A few commands return async streams instead of single responses:

  • fileliststream — directory entries progressively
  • filereadstream — file contents in chunks
  • filestreamtar — tar archive bytes

The frontend client surfaces these as AsyncGenerator objects; over the wire each chunk is a JSON-RPC notification on the same connection. For live agent output, subscribe to the relevant agent block via eventsub rather than polling agent.output.

Be aware of what the API currently does and does not enforce.

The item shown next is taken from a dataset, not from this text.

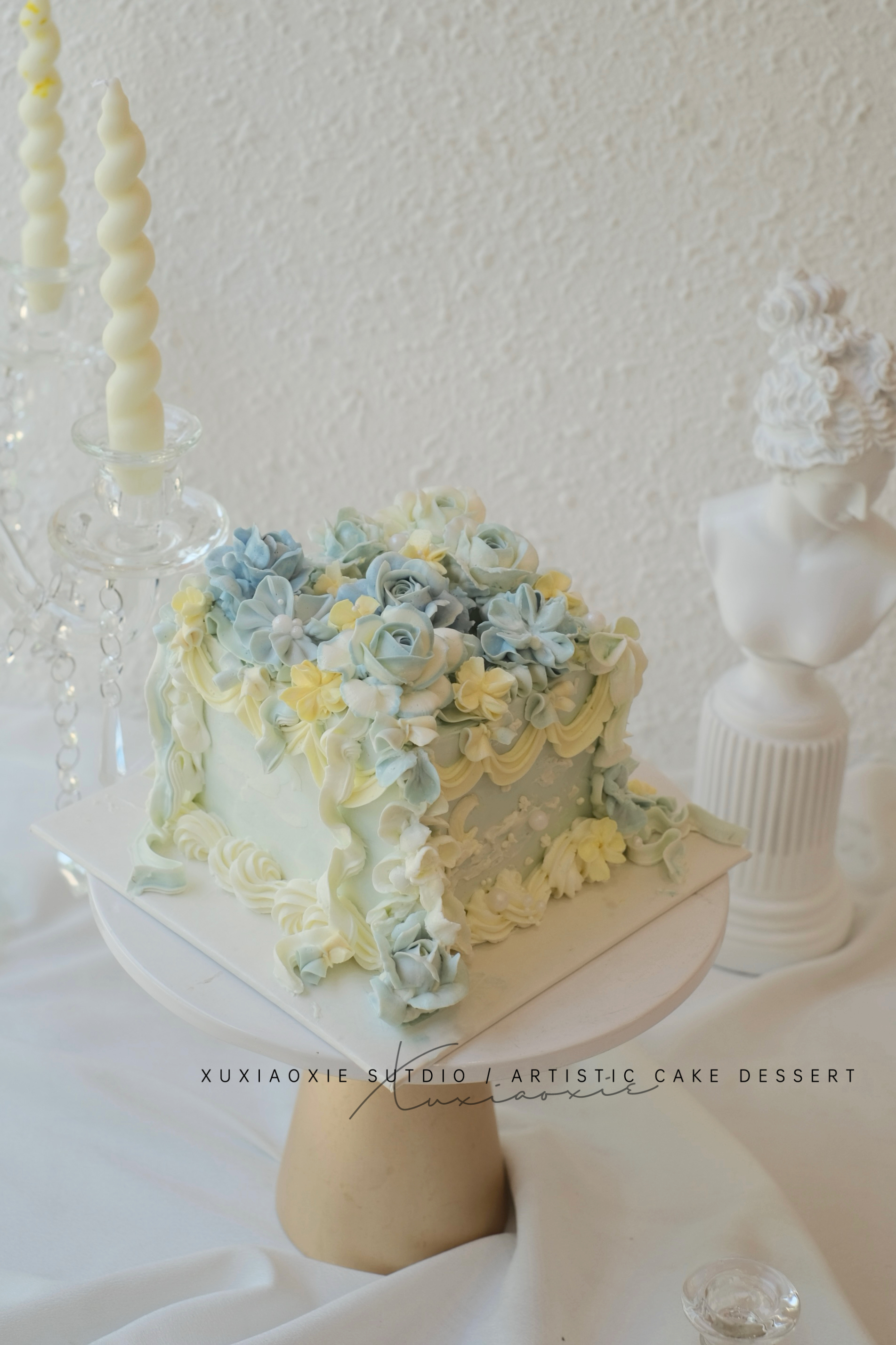 由于这款蛋糕造型比较复杂,我们会使用奶油霜抹面来确保蛋糕的稳定性。

By the trust model, agent processes are sub-trusted: they run as the user but are not given the sidecar’s auth key. That’s the intended boundary. The Agent App API is the narrow surface across that boundary — the only RPC entry points an agent can reach.

In the current implementation, an agent that authenticates to the App API gets broad access to the workspace: spawn panes, mutate workspace state, send messages, read and write blocks. There is no per-tool permission scope, no allow-list of which RPCs a given agent may call, no rate limiting beyond what the underlying RPC machinery provides.

Concrete advice:

  • Treat the Agent App API as a privilege boundary you opt into per agent. An agent you don’t trust should not be given API access.
  • Default-deny in your own workflow: don’t enable the API for agents whose Memory bundle isn’t from a source you trust.
  • The audit endpoint logs every RPC call. If you’re running a less-trusted agent, watch the log.

A finer-grained permission model (per-agent allow-lists, scoped RPC capabilities) is on the roadmap. This page will be updated when it lands.